実はこれにかぎらず、最近、官邸を悩ます公安事件が続いている。今年5月には、北朝鮮からマツタケを不正輸入したとして、警察当局は、朝鮮総連トップ・許宗萬議長の次男を逮捕している。拉致事件をめぐる日朝交渉の真っ直中だっただけに、官邸の慌てぶりはただごとではなかったようだ。官邸担当記者が言う。
「2年前にこの次男の関係先は家宅捜索されていたようだ。しかし、立件できるかどうかは微妙な内容で、官邸もまさか立件するとは思っていなかった。ところが、日朝交渉が始まったとたんにそれを妨げるように捜査が始まったのです。官邸の激怒ぶりはすさまじかったようです」
もっとも、警察当局のこうした動きは、安倍政権がつくりだしたものでもある。安倍首相による公安警察の重用、そして右派強行路線で、警察当局はすっかりイケイケドンドンになって、仮想敵国に関係するような団体を片っ端から捜査し始めた。ところが、肝心の官邸はそんなに単純ではなく、とくにロシアと北朝鮮については、外交優先の方針をとった。つまり、警察当局としては梯子を外された結果になってしまったのである。

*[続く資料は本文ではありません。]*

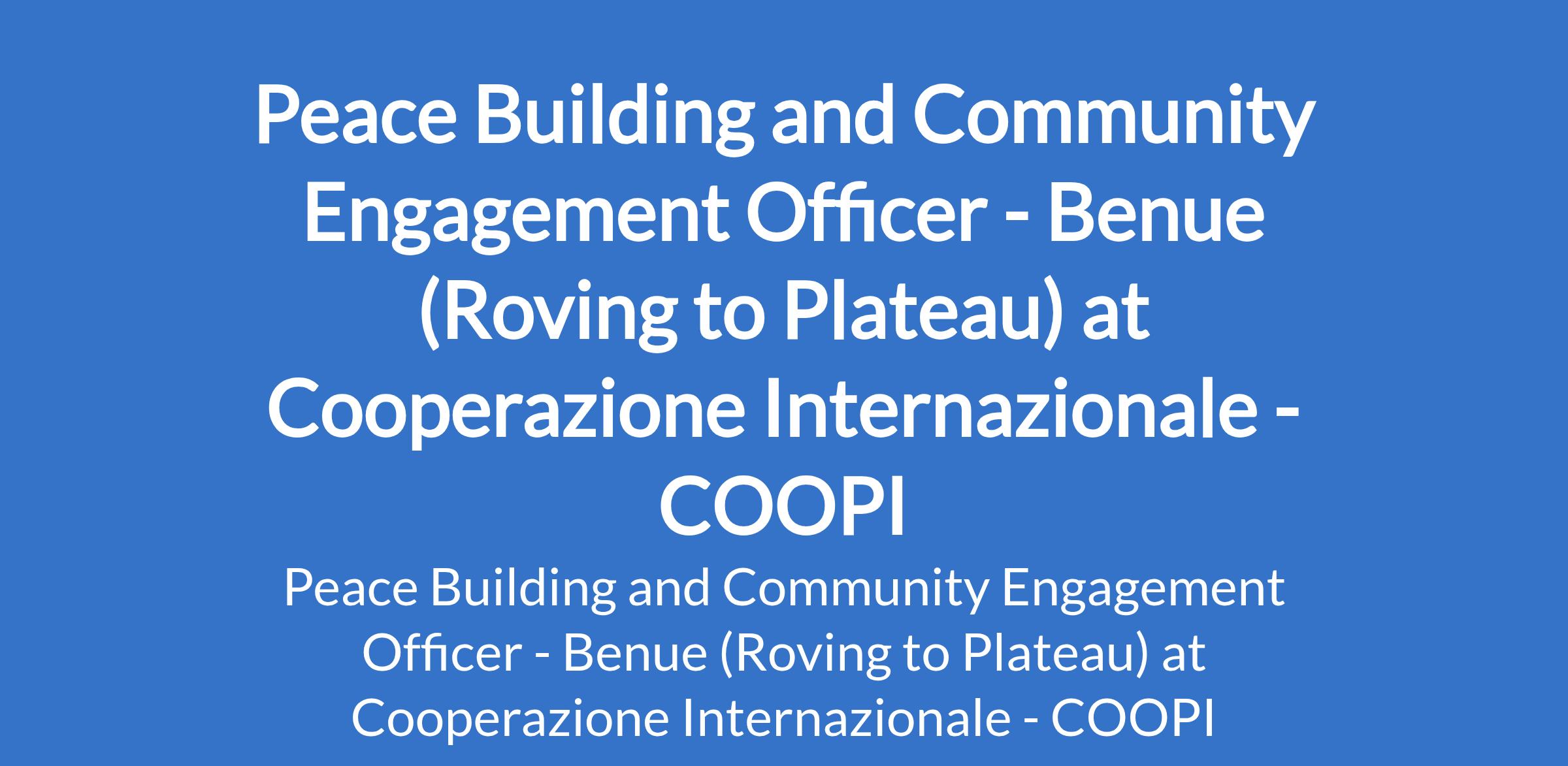 Cooperazione Internazionale - COOPI is recruiting to fill the position of: Peace Building and Community Engagement Officer. The position is located in Benue State (Roving to Plateau). Interested candidates should possess a Bachelors Degree in Peace and Conflict Studies, Sociology, Political Science, Development Studies, Social Work, or a related field with 3 5 years of experience in peacebuilding and community engagement, conflict resolution, community development, or social cohesion programs.

「はっきりは断定できませんが、見方を変えれば、安倍政権を支えてきたはずの警察当局の一部が、一連の事件を通じ、離反を始めたといえなくもない。いずれにしても、今は、官邸と警察当局のせめぎあいの真っ最中という感じなので、予測がつかない」(前出・官邸担当記者)
安保法案審議の最中に浮上したこの自衛隊スキャンダルがいったいどうなるのか。要注目である。